**Dataset extract:**
= = = = = = =

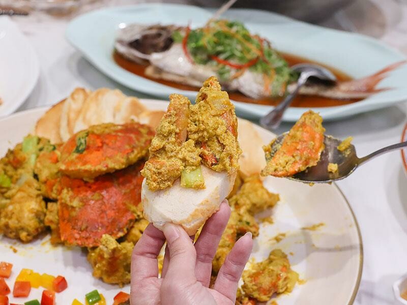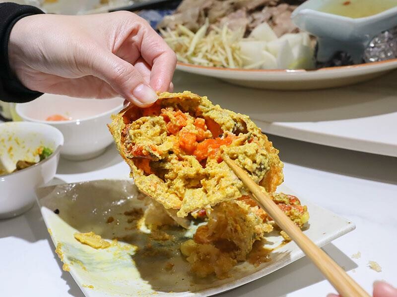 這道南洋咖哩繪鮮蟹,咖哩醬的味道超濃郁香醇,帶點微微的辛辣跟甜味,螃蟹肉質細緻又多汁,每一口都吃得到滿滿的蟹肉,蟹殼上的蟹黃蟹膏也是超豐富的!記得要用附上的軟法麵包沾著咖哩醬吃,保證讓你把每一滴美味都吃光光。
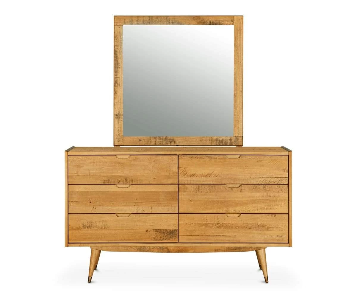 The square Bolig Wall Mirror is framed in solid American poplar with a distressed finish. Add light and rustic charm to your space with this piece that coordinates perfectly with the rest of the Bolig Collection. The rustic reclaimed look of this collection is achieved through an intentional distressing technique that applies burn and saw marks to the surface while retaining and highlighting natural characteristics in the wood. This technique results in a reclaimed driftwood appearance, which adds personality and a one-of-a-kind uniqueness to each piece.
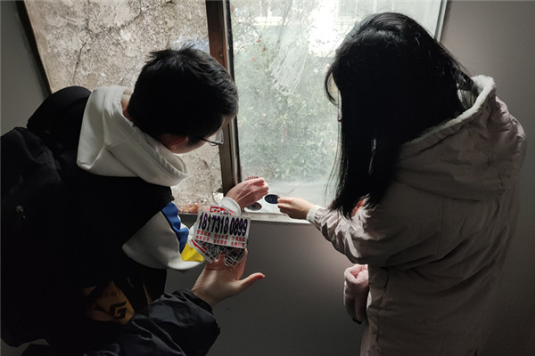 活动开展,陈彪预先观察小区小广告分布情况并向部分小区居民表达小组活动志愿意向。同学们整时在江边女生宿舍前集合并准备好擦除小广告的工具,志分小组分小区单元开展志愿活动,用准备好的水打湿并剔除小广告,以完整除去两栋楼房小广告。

= = = = = = =

**Instructions for the task:** The material above is to be output exactly, with each picture left out.

**Expected output:**
 這道南洋咖哩繪鮮蟹,咖哩醬的味道超濃郁香醇,帶點微微的辛辣跟甜味,螃蟹肉質細緻又多汁,每一口都吃得到滿滿的蟹肉,蟹殼上的蟹黃蟹膏也是超豐富的!記得要用附上的軟法麵包沾著咖哩醬吃,保證讓你把每一滴美味都吃光光。
 The square Bolig Wall Mirror is framed in solid American poplar with a distressed finish. Add light and rustic charm to your space with this piece that coordinates perfectly with the rest of the Bolig Collection. The rustic reclaimed look of this collection is achieved through an intentional distressing technique that applies burn and saw marks to the surface while retaining and highlighting natural characteristics in the wood. This technique results in a reclaimed driftwood appearance, which adds personality and a one-of-a-kind uniqueness to each piece.
 活动开展,陈彪预先观察小区小广告分布情况并向部分小区居民表达小组活动志愿意向。同学们整时在江边女生宿舍前集合并准备好擦除小广告的工具,志分小组分小区单元开展志愿活动,用准备好的水打湿并剔除小广告,以完整除去两栋楼房小广告。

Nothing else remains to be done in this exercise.